Print version ISSN 0872-671X

Medicina Interna vol.26 no.2 Lisboa June 2019

https://doi.org/10.24950/rspmi/PV/MJL/2/2019 

PONTOS DE VISTA / POINTS OF VIEW

Cuidar do Doente em Fim de Vida: Tempo Para Agir!

The Concept of Health and My Internal Medicine Practice

 

MJ Lobão11,2
https://orcid.org/0000-0002-3837-4476

 

1Escola Nacional de Saúde Pública, Universidade NOVA de Lisboa, Lisboa, Portugal
2Serviço de Medicina Interna, Hospital de Cascais, Cascais, Portugal

Correspondência

 

 

Resumo:A definição de saúde da Organização Mundial de Saúde (OMS) tem agora setenta anos de idade. Numa perspectiva pessoal, discutem-se as suas limitações sob vários ângulos, tendo em conta as modificações demográficas e sociais decorridas nas últimas décadas. A proposta alternativa de Huber e colaboradores para definição da Saúde é apresentada, ressalvando alguns obstáculos à sua operacionalização. Numa época em que emerge a importância do value-based healthcare, torna-se oportuno fazer uma reflecção sobre as suas implicações na organização do sistema de saúde e na prática moderna da medicina interna.
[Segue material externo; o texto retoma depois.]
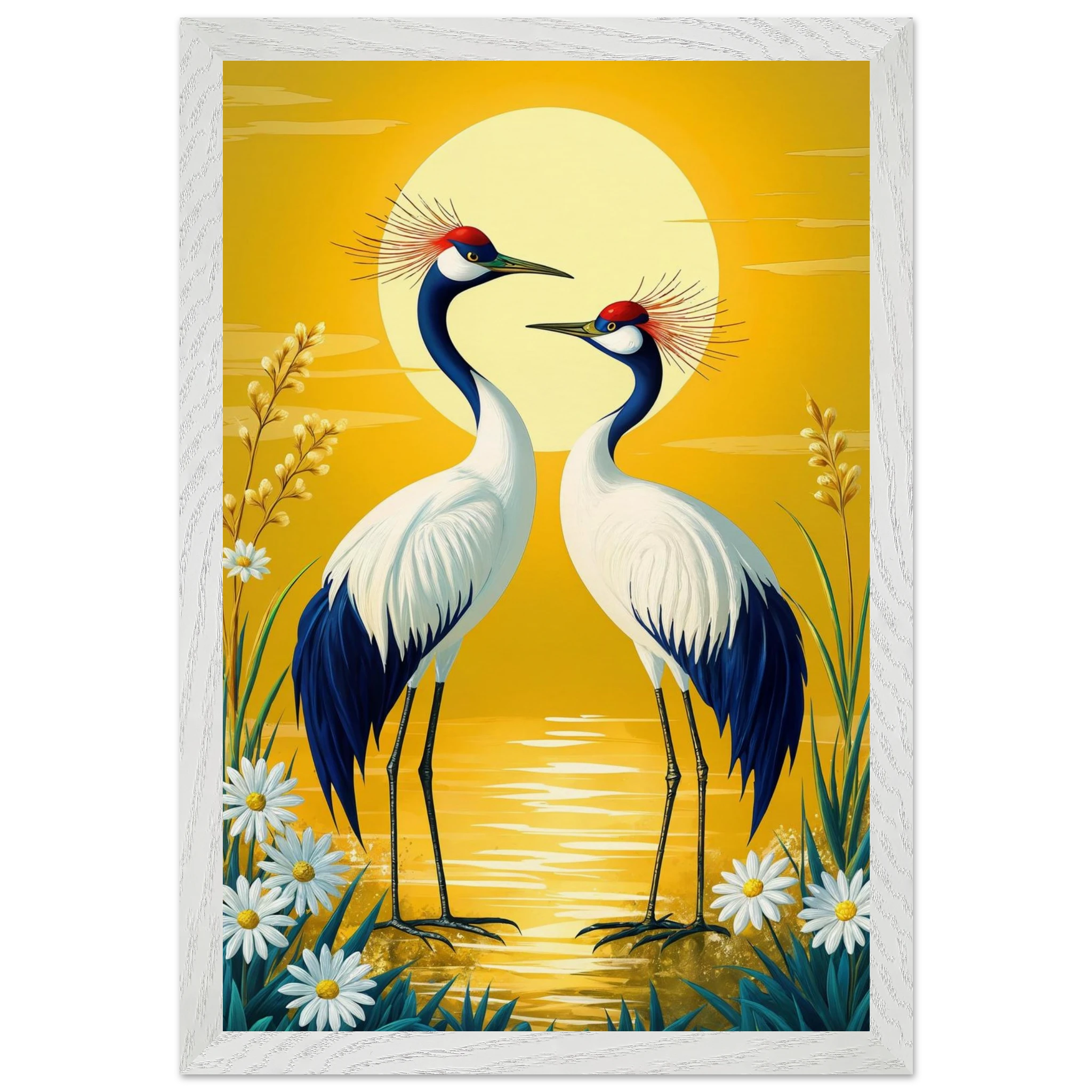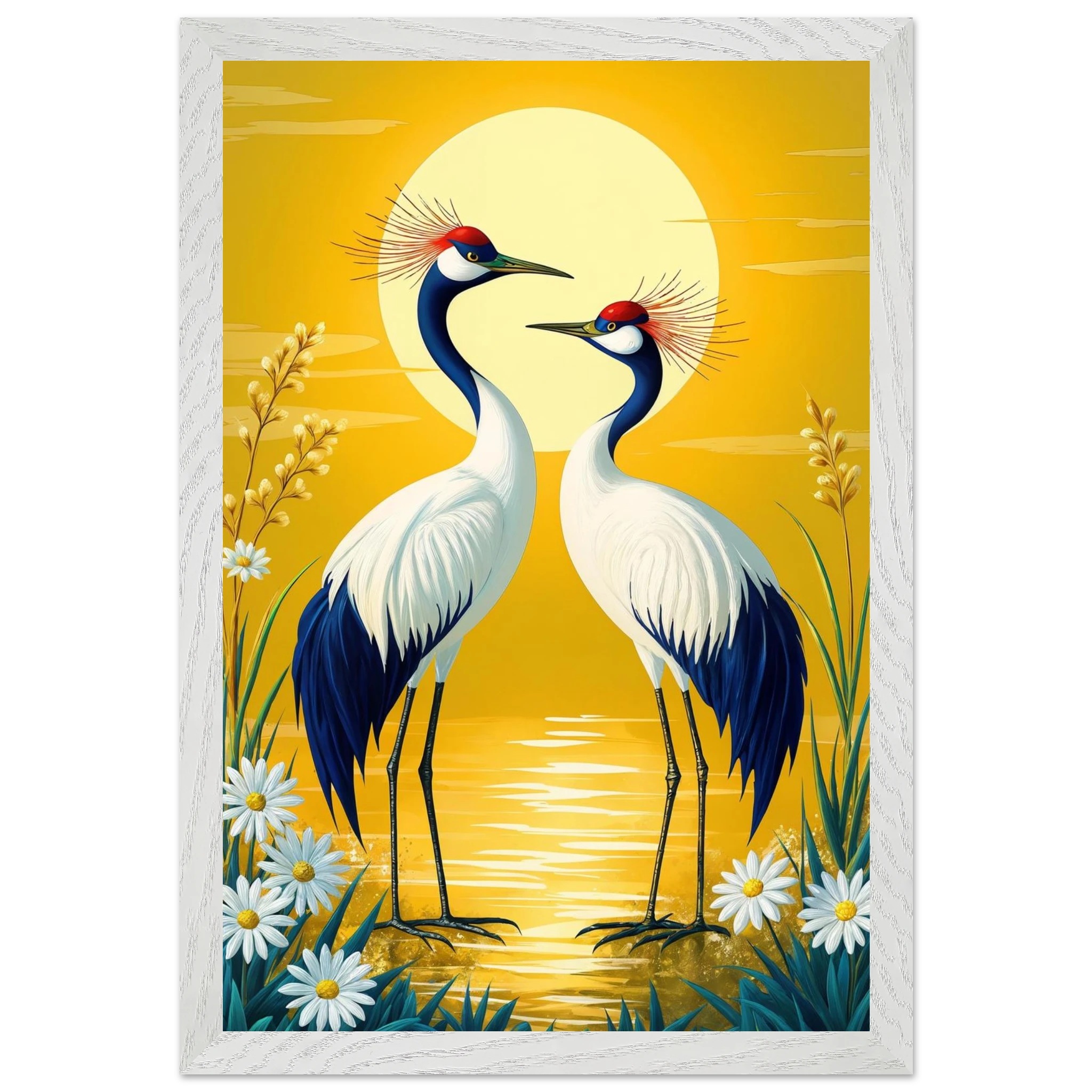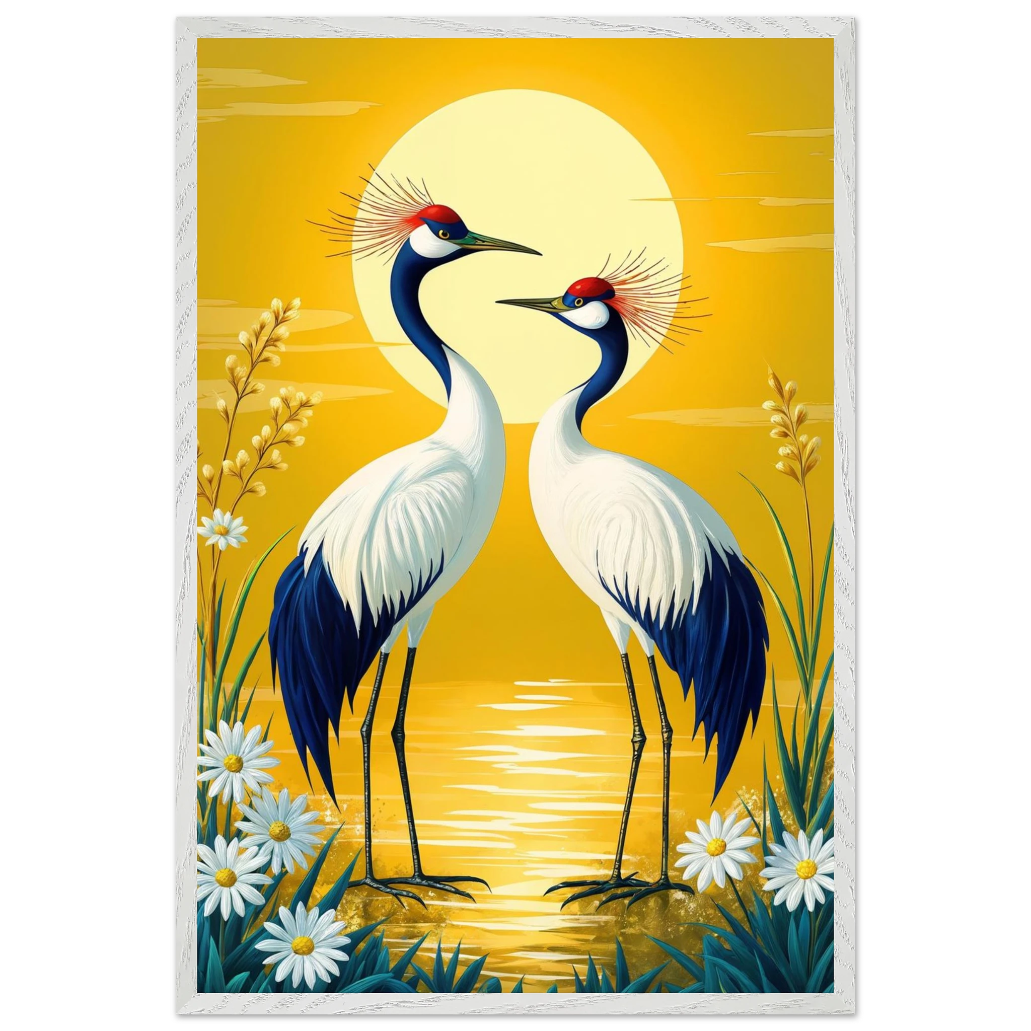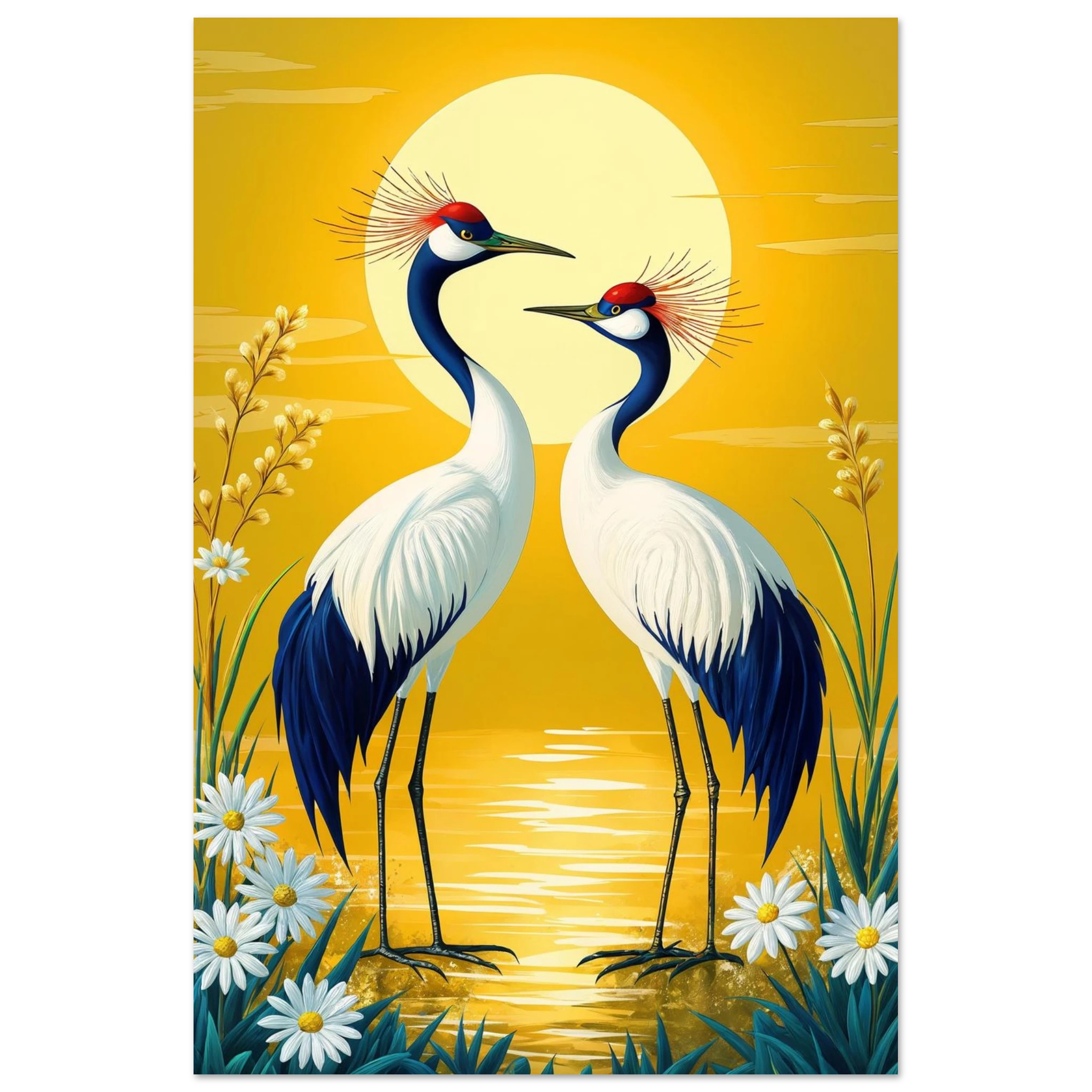 Bring harmony and grace to your space with this stylised, tranquil digital painting. Two elegant cranes with striking red crowns stand face-to-face, their plumage a beautiful contrast of deep blue and crisp white. The serene landscape is dominated by a large, glowing sun casting a warm yellow hue across the scene. Delicate white daisies and tall grasses frame the birds, enhancing the natural setting. This harmonious and picturesque print captures the beauty of nature and balance, making it a perfect, tranquil addition to modern, nature-inspired, or Japanese-style decor.

Palavras-chave:Medicina Interna; Prestação de Cuidados de Saúde; Saúde

 


 

Abstract:The World Health Organization definition of health is now seventy-years old. From a personal perspective, its limitations are discussed from various angles, taking into account the demographic and social changes that have occurred in the last decades. Huber et al alternative proposal for health definition is presented, highlighting some obstacles to its operationalization. At a time that value-based healthcare significance emerges, it is appropriate to reflect on its implications for the health system organization and for the Internal Medicine modern practice.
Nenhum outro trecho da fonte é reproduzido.